--- SUPPLIED RECORDS ---
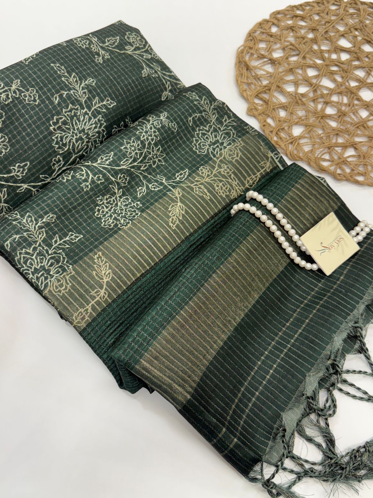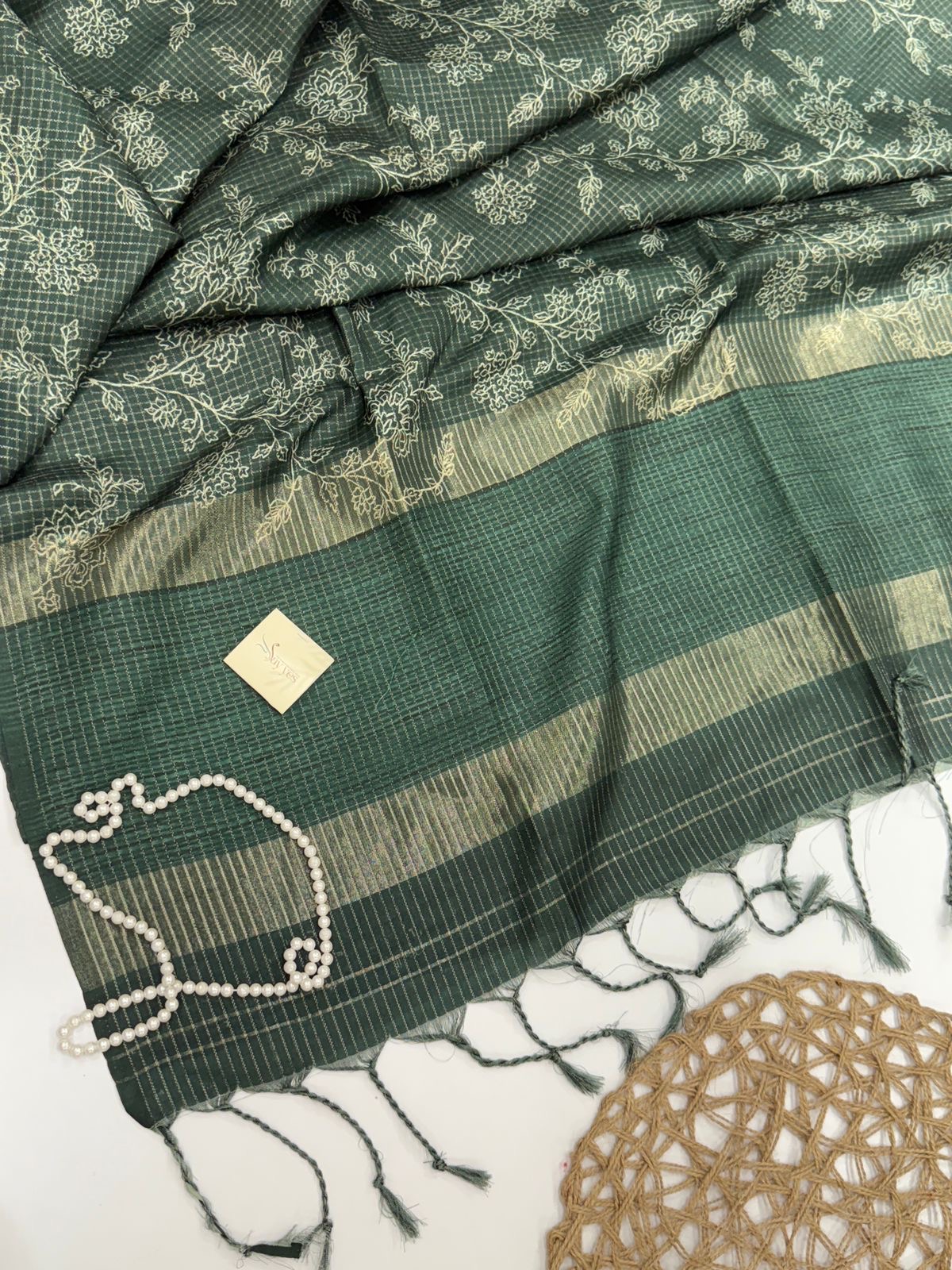 This elegant Tussar silk saree is a celebration of quiet luxury and refined craftsmanship. Set in a deep, muted green-grey base, the saree is adorned with delicate, hand-inspired floral motifs that flow organically across the body, creating a soft, artistic movement.
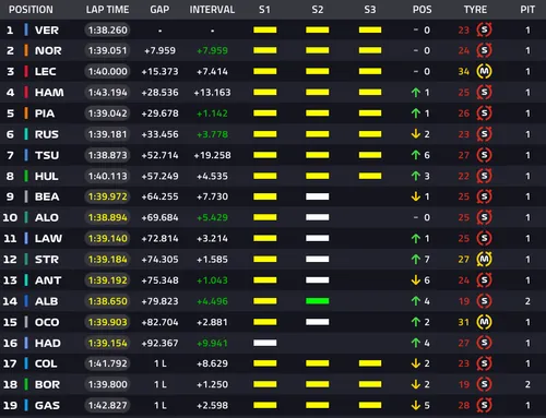 Yuki Tsunoda belegten die Plätze 6 und 7, mit Nico Hulkenberg, Ollie Bearman und Fernando Alonso vervollständigten die Top Ten.
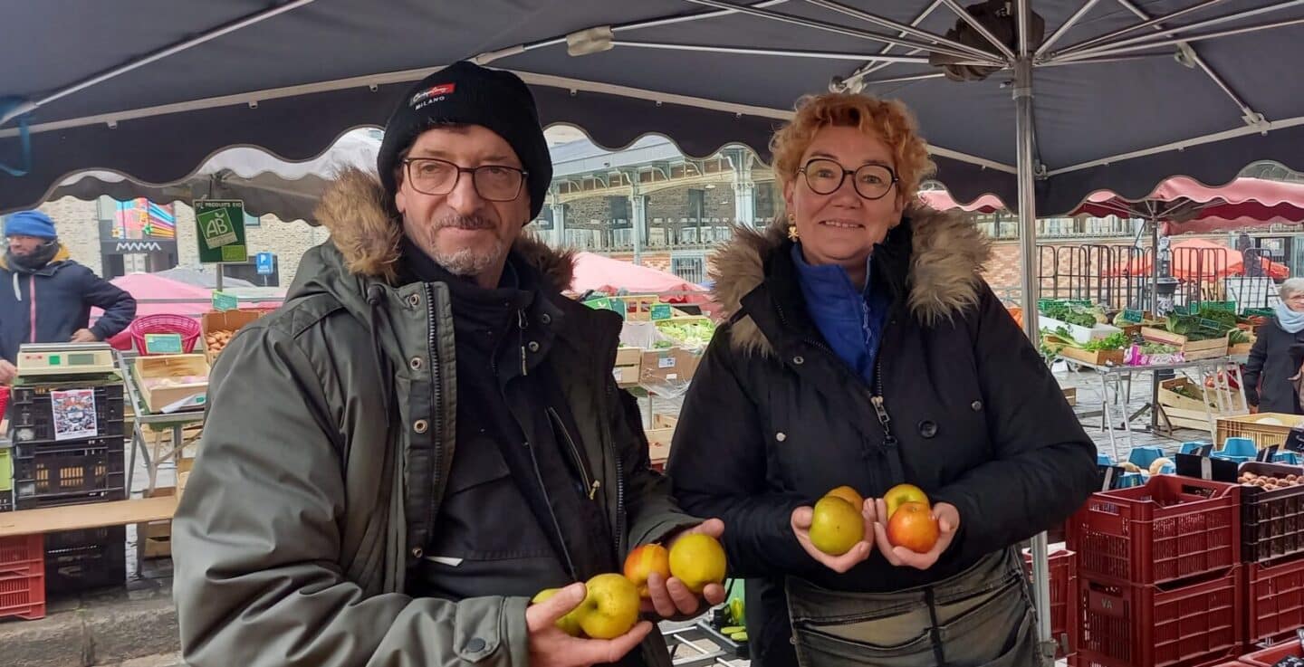 Nous sortons des halles et déambulons parmi les étals de fruits et légumes. Nous nous arrêtons au stand de Laurent et Karine, maraîchers à Soucelles près d’Angers. Leur recette : des pommes farcies aux raisins secs, miel et épices de Noel. « Avec nos pommes Pilot bien sûr ! Croquante et juteuse, c’est une variété qui se tient à la cuisson et apporte une belle acidité pour un dessert ou un accompagnement salé à Noel ».
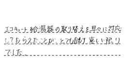 エコキュート給湯器の取り替えを早々に対応してもらえたことが、とても助かり、嬉しい限りでした。
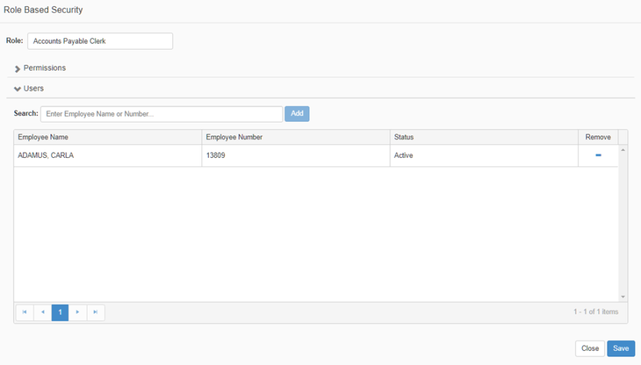 Click Add Role, and a window will popup where you can add the role name (i.e. Accounts Payable Clerk)
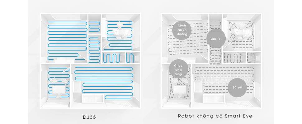 -Robot hút bụi lau nhà deebot DJ35 được trang bị công nghệ Smart Eye – đôi mắt vàng trong làng quan sát ^_^ . Sử dụng thuật toán Slam hoạch định khu vực làm việc, tích hợp trí tuệ nhân tạo tối ưu hóa khả năng làm việc. Deebot DJ35 được xem là dòng sản phẩm thông minh cao cấp và mạnh mẽ, hiểu rõ từng chi tiết trong ngôi nhà bạn, từ đó đưa ra lộ trình – không chạy lung tung hay bỏ sót bất kỳ ngỏ ngách nào.
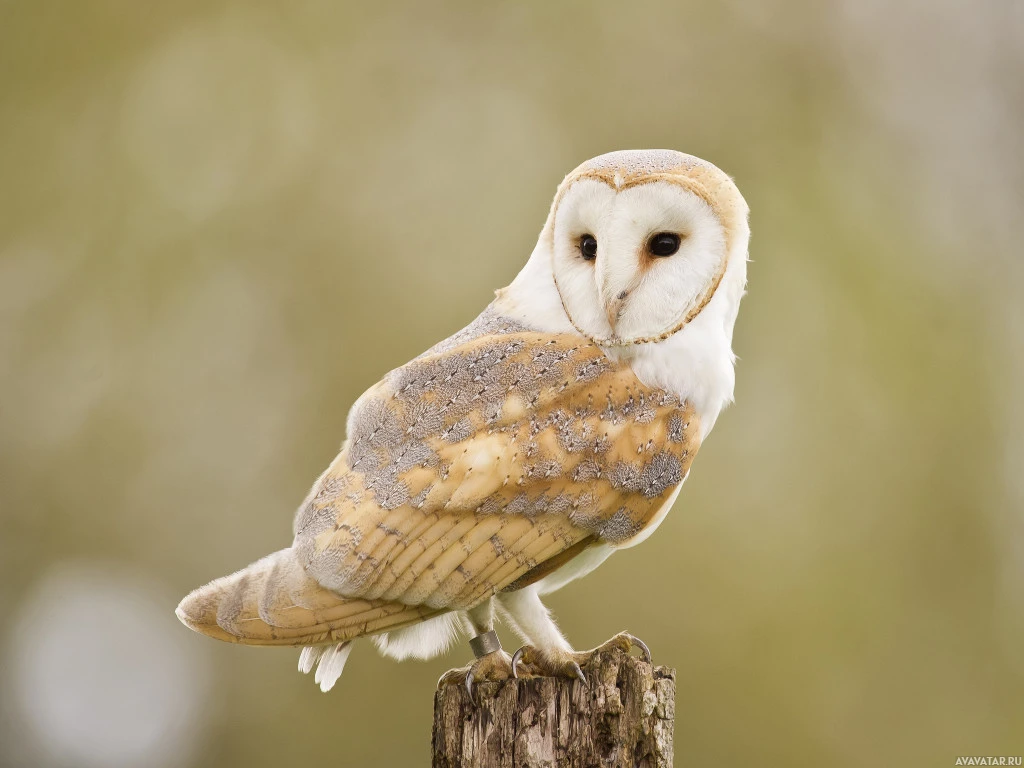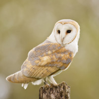face pattern and the striped plumage across its body. The background is blurred but suggests
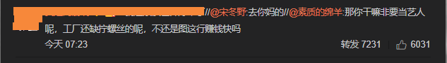 面对粉丝的应和,宋冬野也上了头,抓到当时为数不多与之唱反调的普通网友直接骂了句脏话。
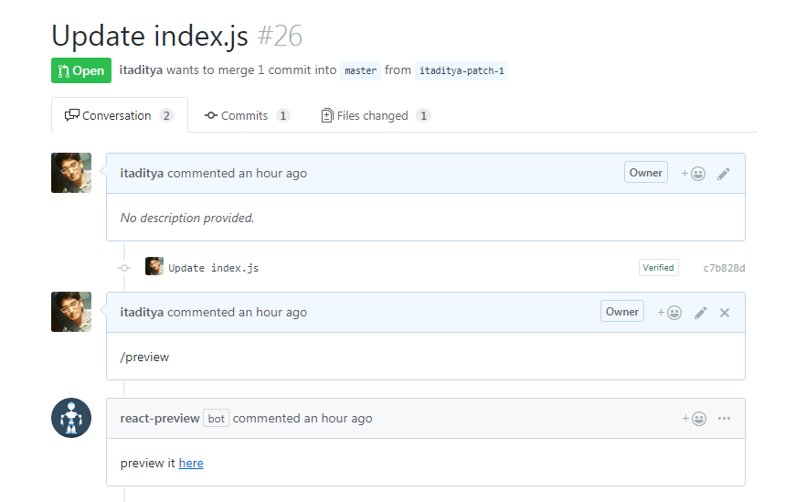 itaditya/react-preview_a GitHub App built with probot that generates preview links for react based projects. — itaditya/react-preview_github.com
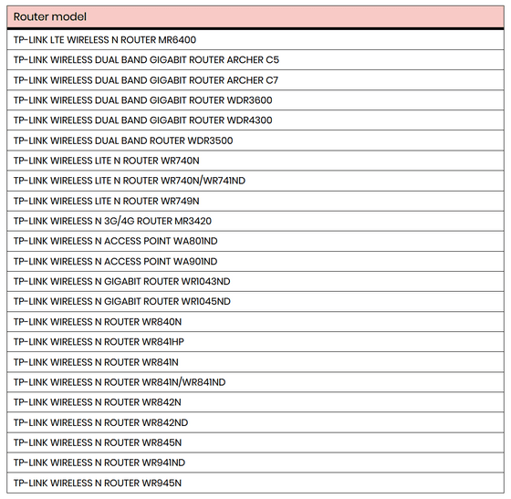 The following are the TP-Link router models that APT28 exploited. The NCSC, which compiled this
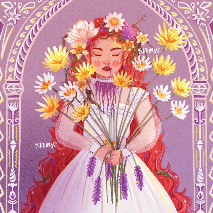 ⚠️TW w0und, bl00d ⚠️ 3rd week of #producember22 challenge - flower queen 👸🏽💐 My persona, Nyan, as a flower queen with Daffodils, Water Lilies & Astragalus flowers around her. 🤍💛💜 #oc #illustration #artchallenge #characterillustration #procreateart #yanimyoo
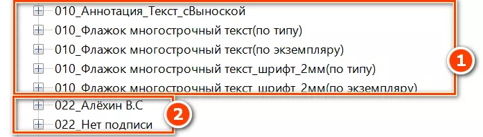 В шаблоне созданы несколько семейств для текстовых примечаний: «010_Аннотация_Текст_сВыноской» и флажков пирогов конструкций: «010_Флажок многострочный текст(по типу)», «010_Флажок многострочный текст(по экземпляру)», «010_Флажок многострочный текст_шрифт_2мм(по типу)», «010_Флажок многострочный текст_шрифт_2мм(по экземпляру)» [1]. А также семейства подписей который могут использоваться в основной надписи и обычном размещении на листах [2] (см. Рисунок 41). По мере необходимости семейства загружаются из библиотеки семейств.
---
From the first line to the last, repeat the material exactly, but drop the pictures.

 This elegant Tussar silk saree is a celebration of quiet luxury and refined craftsmanship. Set in a deep, muted green-grey base, the saree is adorned with delicate, hand-inspired floral motifs that flow organically across the body, creating a soft, artistic movement.
 Yuki Tsunoda belegten die Plätze 6 und 7, mit Nico Hulkenberg, Ollie Bearman und Fernando Alonso vervollständigten die Top Ten.
 Nous sortons des halles et déambulons parmi les étals de fruits et légumes. Nous nous arrêtons au stand de Laurent et Karine, maraîchers à Soucelles près d’Angers. Leur recette : des pommes farcies aux raisins secs, miel et épices de Noel. « Avec nos pommes Pilot bien sûr ! Croquante et juteuse, c’est une variété qui se tient à la cuisson et apporte une belle acidité pour un dessert ou un accompagnement salé à Noel ».
 エコキュート給湯器の取り替えを早々に対応してもらえたことが、とても助かり、嬉しい限りでした。
 Click Add Role, and a window will popup where you can add the role name (i.e. Accounts Payable Clerk)
 -Robot hút bụi lau nhà deebot DJ35 được trang bị công nghệ Smart Eye – đôi mắt vàng trong làng quan sát ^_^ . Sử dụng thuật toán Slam hoạch định khu vực làm việc, tích hợp trí tuệ nhân tạo tối ưu hóa khả năng làm việc. Deebot DJ35 được xem là dòng sản phẩm thông minh cao cấp và mạnh mẽ, hiểu rõ từng chi tiết trong ngôi nhà bạn, từ đó đưa ra lộ trình – không chạy lung tung hay bỏ sót bất kỳ ngỏ ngách nào.
face pattern and the striped plumage across its body. The background is blurred but suggests
 面对粉丝的应和,宋冬野也上了头,抓到当时为数不多与之唱反调的普通网友直接骂了句脏话。
 itaditya/react-preview_a GitHub App built with probot that generates preview links for react based projects. — itaditya/react-preview_github.com
 The following are the TP-Link router models that APT28 exploited. The NCSC, which compiled this
 ⚠️TW w0und, bl00d ⚠️ 3rd week of #producember22 challenge - flower queen 👸🏽💐 My persona, Nyan, as a flower queen with Daffodils, Water Lilies & Astragalus flowers around her. 🤍💛💜 #oc #illustration #artchallenge #characterillustration #procreateart #yanimyoo
 В шаблоне созданы несколько семейств для текстовых примечаний: «010_Аннотация_Текст_сВыноской» и флажков пирогов конструкций: «010_Флажок многострочный текст(по типу)», «010_Флажок многострочный текст(по экземпляру)», «010_Флажок многострочный текст_шрифт_2мм(по типу)», «010_Флажок многострочный текст_шрифт_2мм(по экземпляру)» [1]. А также семейства подписей который могут использоваться в основной надписи и обычном размещении на листах [2] (см. Рисунок 41). По мере необходимости семейства загружаются из библиотеки семейств.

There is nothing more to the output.